The main limitation of vibe coding is that the quality of the output depends heavily on prompt clarity and developer oversight. While the model can generate structured code that looks correct, it may miss edge cases, produce inconsistent naming, or introduce subtle bugs when integrating multiple components. This risk increases in large applications where many modules interact. Developers must validate the output line by line and ensure the generated code aligns with actual business logic. This is especially important when building vector search systems where embedding consistency, index configuration, and query correctness directly affect application behavior.
Another limitation is long-term consistency. The model does not maintain persistent memory of your codebase unless you actively show it the relevant files. This means it can generate outdated imports, mismatched parameter names, or inconsistent logic if earlier versions of files are not provided. As a result, vibe coding works best when the developer periodically prompts the model with up-to-date summaries, directory structures, or key class definitions. In multi-module applications involving Milvus—where ingestion, indexing, and search components must align—this form of manual context management becomes even more important.

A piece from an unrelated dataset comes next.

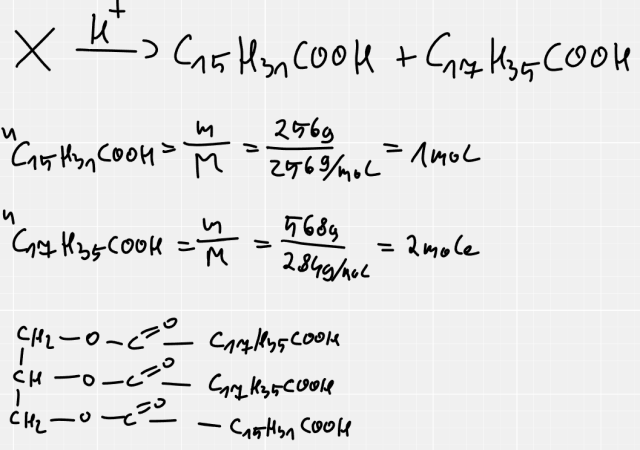 Po obliczeniu stosunku molowego produktów hydrolizy, stosunek molowy tych związków w cząsteczce tłuszczu musiał być taki sam.

Finally, vibe coding struggles with tasks requiring deep domain knowledge or nuanced trade-offs. It can scaffold a Milvus ingestion pipeline, but it cannot reliably choose the ideal index type, memory allocation, or search parameters for a specific workload. It can generate authentication code, but it might forget important security measures unless explicitly asked. These limitations mean vibe coding excels at accelerating boilerplate and producing structured components but cannot replace engineering judgment. Developers must still design architectures, enforce security policies, and validate performance-critical logic.